Although the Express preset was used to demonstrate Automatminer’s performance, the Automatminer pipeline is fully configurable at each stage. To reduce the complexity of developing end-to-end materials ML pipelines, Automatminer provides other preset configurations for varying CPU capabilities, time requirements, and objectives. Each preset defines a specific balance between computational cost and comprehensiveness of ML search. For example, the Debug preset employs only a single computationally inexpensive featurizer (Magpie featurizer19,28) and a heavily restricted AutoML model space restricted to a two minute training time; similarly, the Debug_single preset only uses a single predictor (Random Forest) in place of an AutoML algorithm. Other presets exist, which expand on the Express featurizer set using more expensive featurization and longer AutoML optimization times. Generally, we observe diminishing returns on performance with more expensive presets; minor improvements in performance require significant increases in computational time. This is particularly noticeable on small datasets where many ML pipelines can be attempted within the time restriction. For instance, in classifying experimental metallicities, the Express preset improves ROC-AUC a negligible ~0.2% (0.919) on average over Debug (0.917), with the Heavy (most expensive) preset improving only another 0.6% (0.925). Further details on the comparison of presets can be found in the Supplementary Fig. 2 and Supplementary Note 1.

Automatminer may be further improved by including more descriptor techniques in its featurizer sets, especially if those featurizers provide information-dense features at low computational cost. For example, Automatminer does not implement any features for determining 2nd-nearest neighbor coordination, an important structural motif representing medium-range order. Lack of relevant featurizers may also explain the graph networks’ advantages in predicting certain thermodynamic properties. Due to the ability of crystal graph networks to effectively convolve site/bond data, they may more accurately represent 3D chemo-spatial information than traditional descriptors. Future Automatminer development might benefit from using the chemo-spatial data (hidden-layer embeddings) from crystal graph networks as input via transfer learning; similarly, graph-composition networks such as RooSt32, which have demonstrated success in learning hidden representations from stoichiometry alone, may serve as a valuable improvement on Automatminer’s current featurizer set. Adding such descriptors to Automatminer is well within its current capabilities, since Automatminer is extensible (with respect to featurizers) by design.

With respect to machine learning models searched by the AutoML library, we find that the majority of AutoML training on materials ML tasks find tree-ensemble methods perform better than the other models in the search space such as k-nearest neighbors, logistic regression, and elastic net regression. On small datasets, we observe tree-ensembles have sufficient model complexity to model material-property relationships more faithfully than regularized linear methods or logistic regression. However, the dominance of tree-ensembles is in part an artifact of the relatively small model search space of Automatminer, which at present does not include nonlinear support vector machine kernels or neural networks. Models with higher complexity, such as deep neural networks, may also improve Automatminer’s performance on large datasets.
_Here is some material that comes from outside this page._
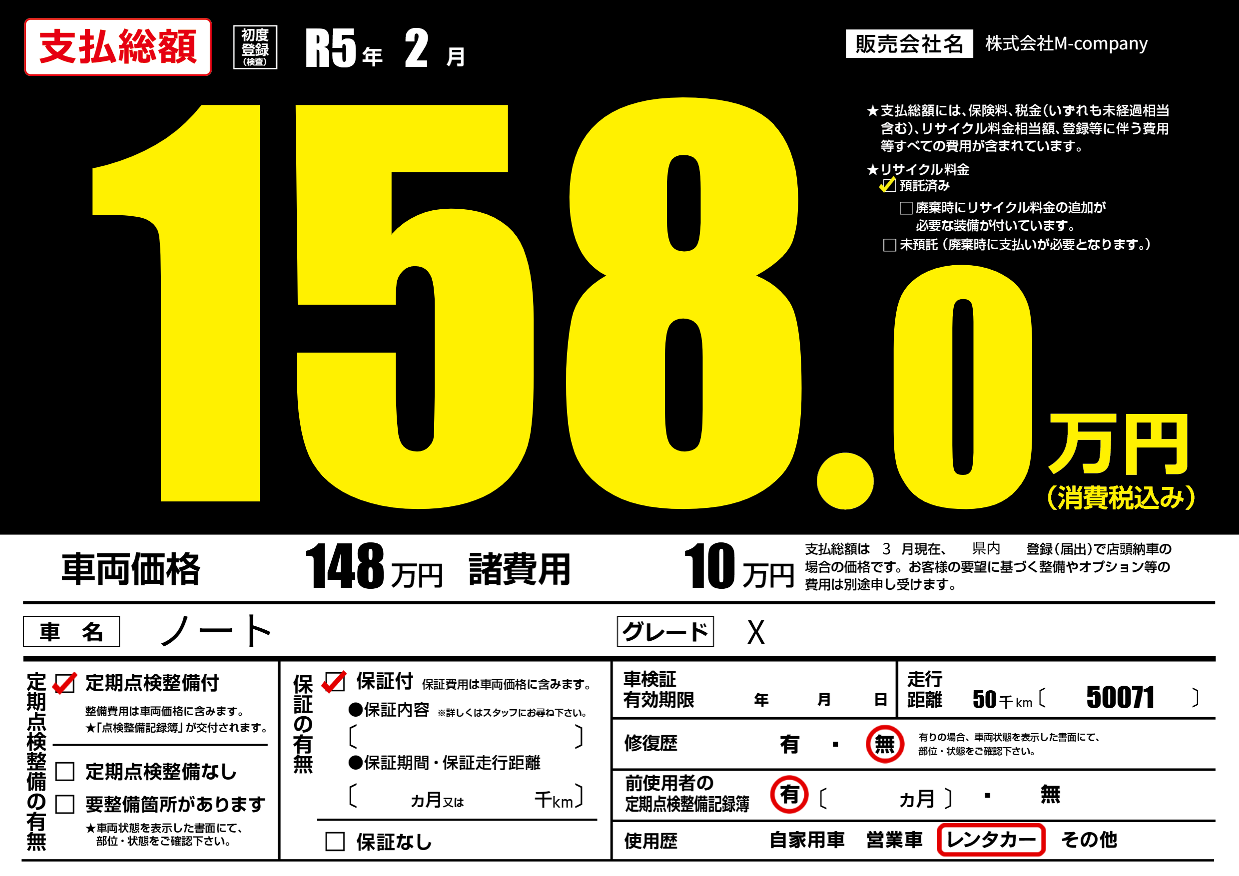 | 走行キロ | 5万km | 初年度登録 | R5年2月 |

Thus, the AutoML search can be improved by expanding the model space at increasing computational cost. However, regardless of the predefined model space or feature set construction, thoughtfully engineered models such as graph networks or other concepts will likely be able to exceed the baseline AutoML model’s performance. An AutoML algorithm is best suited for the rapid prototyping of more complex human-tuned models rather than the replacement of architectures designed with human expertise.

In the Matbench benchmark, we use NCV as a one-size-fits-all tool for evaluation, but it is also conceivable that domain-specific methods better estimate the generalization error than NCV. Ren et al.33 use grouped CV to estimate the error of their models for classifying bulk metallic glasses outside of the chemical systems contained in the training set. The rationale behind grouped CV is that the testing procedure should mimic the real-world application. In the case of bulk metallic glass study, the intended goal of the algorithm was to make predictions in chemical systems where no data points were yet present. However, a randomized train/test split would likely result in selecting some data points from all chemical systems for the training and testing data. Instead, grouped CV will first separate data points by chemical space, and then select an entire chemical space to fall into either the test or training set. This ensures that testing is conducted on chemical spaces for which there is no training data within that chemical space.

Yet, using grouped CV requires a well-defined manner for grouping the data. In the case of bulk metallic glasses, chemical systems are easily identified as natural groups since the goal is to predict data for entirely unexplored chemical systems. For other materials ML tasks, features for grouping may be hidden in subtle structural motifs or nuances of electronic configuration. Leave-one-cluster-out CV (LOCO-CV)34 is one potential variant of grouped CV that aims to automate grouping by k-means clustering. However, the groups are determined by the choice of input features, which poses two fundamental problems with this technique. First, researchers employing different input features will end up with different definitions of groups and thus different testing procedures; this could be corrected if the features used for the grouping procedure were standardized (even if a different set of input features was used for prediction). Second, the input features may not properly capture the most physically relevant grouping; for example, if all input features are based on composition, but the most natural grouping is by a structural feature such as crystal type, then the resulting groups will have less value. Thus, for now it is largely up to researchers to determine the need for using grouped CV and to determine the best grouping strategy. Other strategies34,35 to predict outlier data in the test set may also prove useful.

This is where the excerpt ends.